Like this: (NP-SUJ↓ (PRO=H Personne)) and this: (VN=H (V=H sait))

And I wrote a function to do so:

def AddParent(tree):
    grammar = []
    for subtree in tree.subtrees():
        if subtree.height()==2 and subtree.label().endswith("=H"):
            PartialTree = ParentedTree(subtree.parent().label(), 
                               [ParentedTree(subtree.label(), subtree)])
            grammar.append(PartialTree)
    return grammar

#Test
pt = ParentedTree.fromstring("(SENT (NP-SUJ↓ (PRO=H Personne)) (VN=H (ADV* ne) (V=H sait)) (ADV* exactement) (PONCT* .))")
AddParent(pt)
[ParentedTree('NP-SUJ↓', [ParentedTree('PRO=H', ['Personne'])]), 
ParentedTree('VN=H', [ParentedTree('V=H', ['sait'])])]

I have two issues here: first, I want to keep adding information to those subtrees from the original tree. For instance, I want to keep adding ancestor nodes and then children, to do something like this :

(SENT (NP-SUJ↓ ) (VN=H (V=H sait)))

Subtree

But I lost track of the original tree...

Second, the parent() function returns all the subtrees contained in it. And I just want to have specific nodes.

What would be the good approach to extract this last subtree???

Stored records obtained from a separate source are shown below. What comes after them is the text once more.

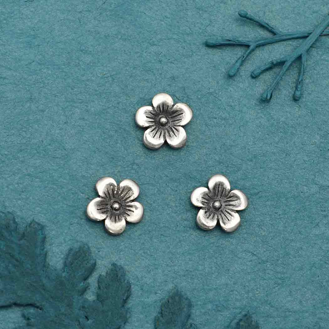 Sterling Silver Cherry Blossom Charm Embellishment. This cute Cherry Blossom Flower Jewelry Component is perfect for customizing your Jewelry Designs! This Solderable Accent does not have a jump ring, so it can be easily soldered onto a custom Jewelry Design. For thousands of years, cherry blossoms have been held in the highest esteem in Japan and China. Many artists have immortalized the cherry blossom in paintings, poetry, and embroidery. Because the blossoms last for only a short time each year, they're thought to reflect the fleeting nature of life that imbues it with a fragile beauty.
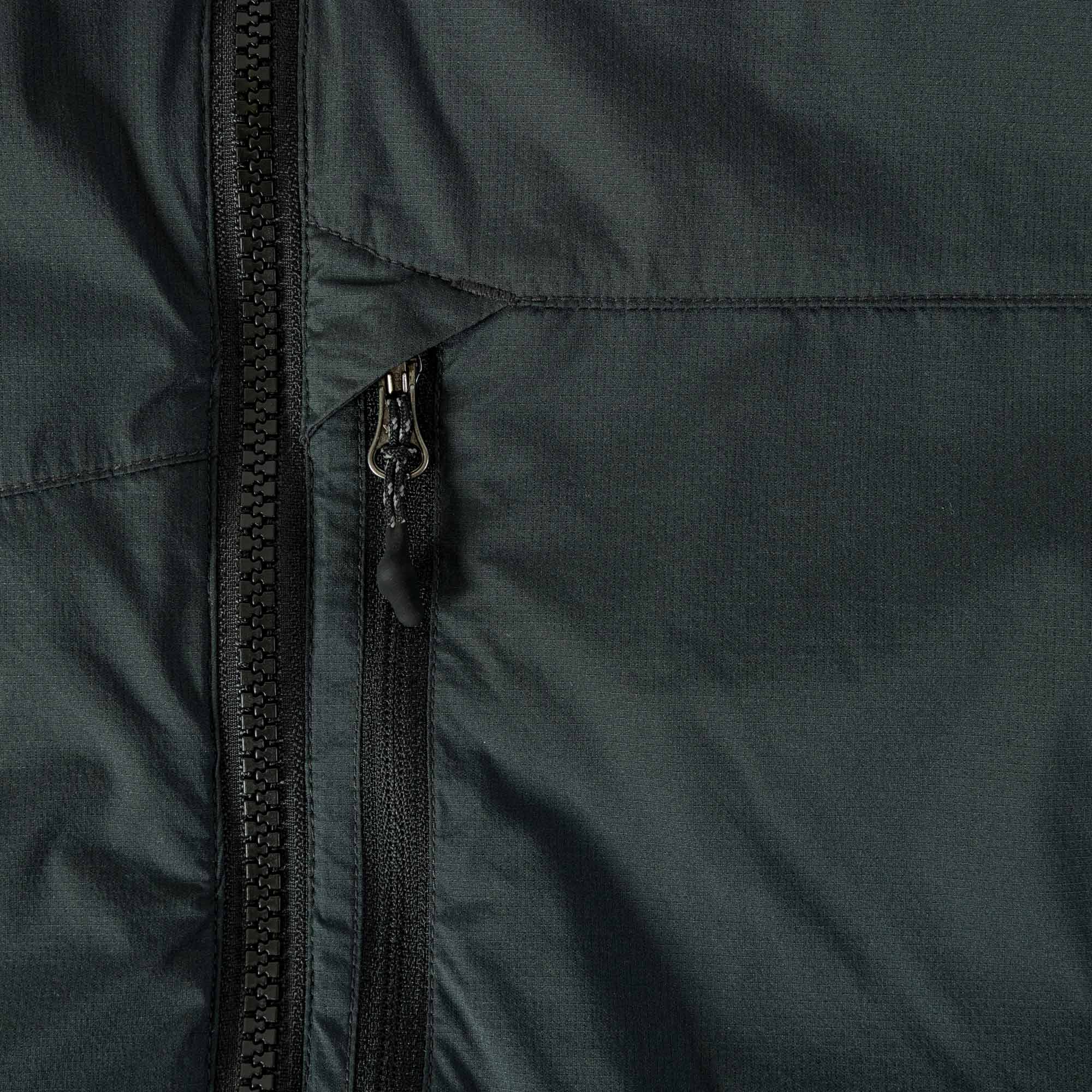 The outer fabric is a made in Japan, 15d stretch nylon with a 46gsm mini-ripstop construction. The insulation is paneled with recycled Vivo Extreme (40g & 60g) and Vivo Ocean (25g).
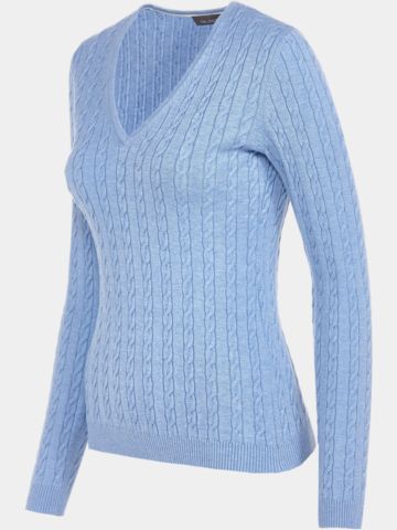 Dámský pletený svetr Valiente s výstřihem do V a vzorem kabelového úpletu kombinuje eleganci s výjimečným pohodlím. Exkluzivní povrchová úprava zajišťuje měkký a příjemný pocit a je ideální pro nejvyšší nároky na golfovém hřišti i ve volném čase. Tento svetr s nadčasovým designem musí mít každá golfistka, která si cení nejvyšší kvality a klasické elegance. Výraz exkluzivity - zažijte luxus v každém detailu.
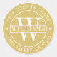 CHANGEABLE BACKGROUND COLOR. Gold and White Elegant Monogram Round Return Address Sticker.
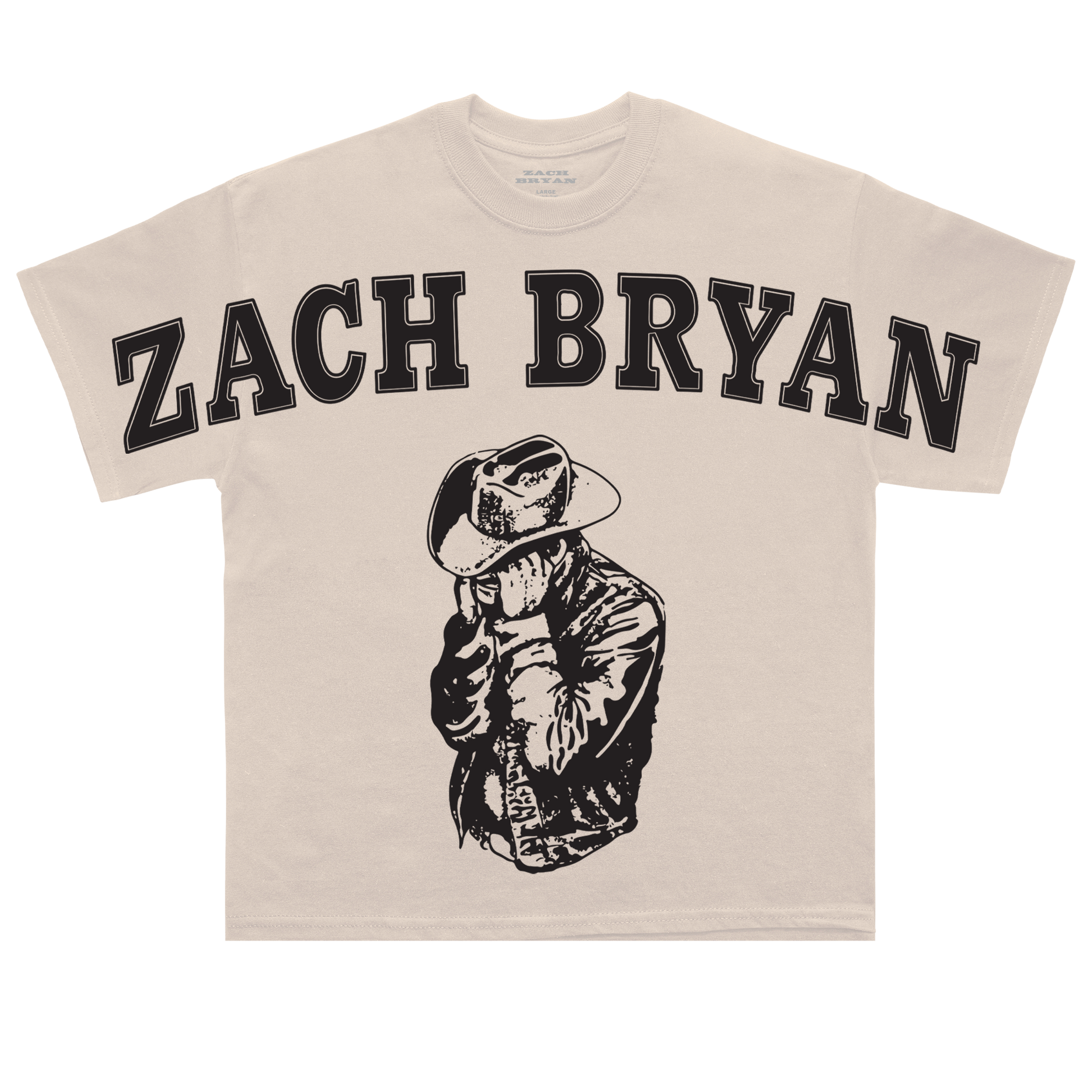 Zach Bryan crying cowboy tee featuring new boxier style.
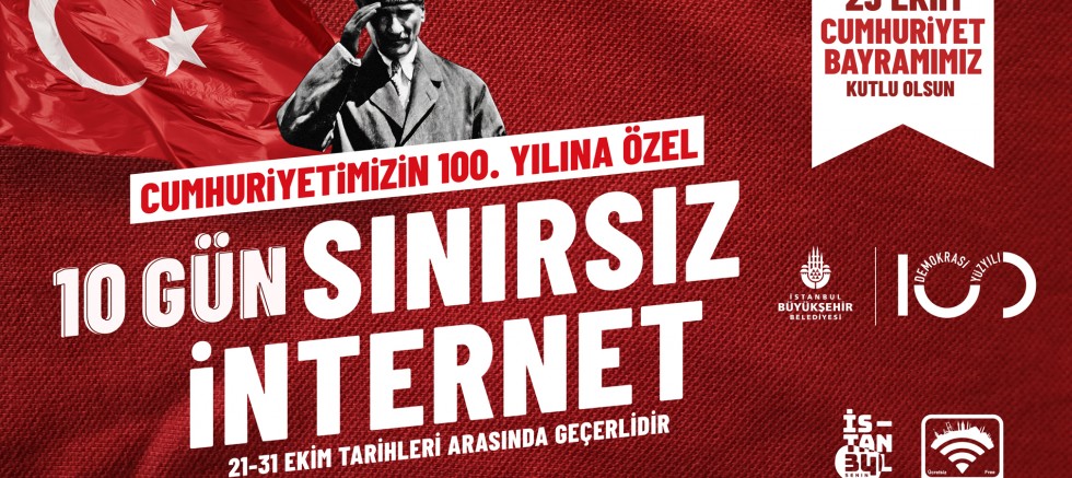İstanbul Büyükşehir Belediyesi (İBB) Bilgi İşlem Daire Başkanlığı ve İBB iştiraki İSTTELKOM tarafından sunulan ücretsiz wi-fi uygulaması, Cumhuriyetimizin 100. Yılı için 10 gün boyunca sınırsız kullanılabilecek. Aylık 60 GB sınırı olan İBB Wi-Fi ücretsiz, özgür ve güvenli internet hizmeti, Cumhuriyet Bayramına özel, 21-31 Ekim tarihleri arasında sınırsız olacak.

Thank you very much for your help! I am new at this but I really like it!


Solution

  • I can't say I understand your complaint about parent() (perhaps you meant subtrees()?), but there are easier ways to get your hands on subtrees:

    1. Superficial improvement: The subtrees() function accepts a filter argument, so you don't have to check the returned subtrees in your code:

      for subtree in tree.subtrees(filter=lambda t: t.label().endswith("=H"))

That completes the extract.